Schülerzahlen in der Ergotherapie 2007 bis 2017: Bald keine Ergotherapeuten mehr?

Die Abschaffung des Schulgeldes ist eine aktuelle Forderung der Heilmittelerbringer in den berufspolitischen Debatten.
Das Schulgeld stellt eine wesentliche und vor allem unattraktive Hürde für Jugendliche dar, um einen Beruf wie Ergotherapie zu erlernen.

Schülerzahlen in der Ergotherapie 2007 bis 2017

Die Abschaffung des Schulgeldes ist eine aktuelle Forderung der Heilmittelerbringer in den berufspolitischen Debatten.
Das Schulgeld stellt eine wesentliche und vor allem unattraktive Hürde für Jugendliche dar, um einen Beruf wie Ergotherapie zu erlernen.
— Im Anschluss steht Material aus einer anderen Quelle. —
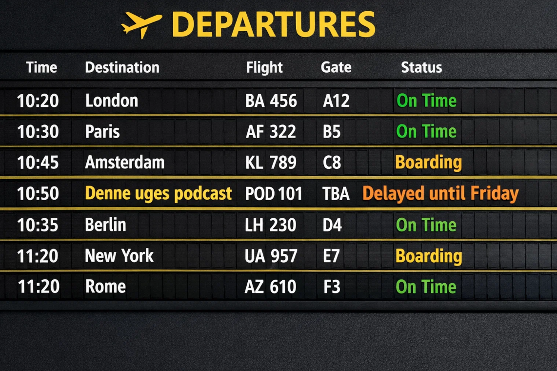 Det sker at podcast-kabalen ikke altid går op. I denne uge er samme tilfælde. Derfor vælger vi på redaktionen at udskyde ugens afsnit, der sædvanligvis udkommer tirsdag morgen, til fredag morgen i stedet.

Die Zahlen aus diesem Bereich zeigen über eine Rückschau von 10 Jahren, dass die Schülerzahlen um 27% zurückgegangen sind. Um die Jahre 2012 bis 2014 scheinen sich die Schüler-Zahlen wieder zu stabilisieren. Man kann die Umstellung des Abiturs von G9 auf G8 und somit doppelte Abiturjahrgänge in dieser Zeit als einen „Stabilisator“ sehen.
Zudem zeigt eine Bevölkerungsanalyse der 17 – 24 Jährigen, welche typischerweise diesen Beruf erlernen, einen stabilen Wert von ca. 6 Mio Einwohner. Wenn die bisherige Reduktion der Schülerzahlen von 2007 bis 2017 im Durchschnitt pro Jahr als Grundlage und Fixwert weiter verfolgt wird, muss man für das Jahr 2028 eine Rückgang zum Jahr 2007 um 40% befürchten. Hinzu kommt der rückläufige Bevölkerungsanteil der 17-24 Jährigen im Jahr 2028 auf dann nur noch 5,1 Mio Menschen. Die jährlichen Aussteiger sind hier noch nicht berücksichtigt.
Auf Grund dieser Betrachtung ist es wichtig, die Ausbildung der Heilmittelberufe so attraktiv wie möglich zu gestalten. Die Schulgeldfreiheit und die Reformierung der Ausbildungs- und Prüfungsverordnung sind wesentliche Bausteine.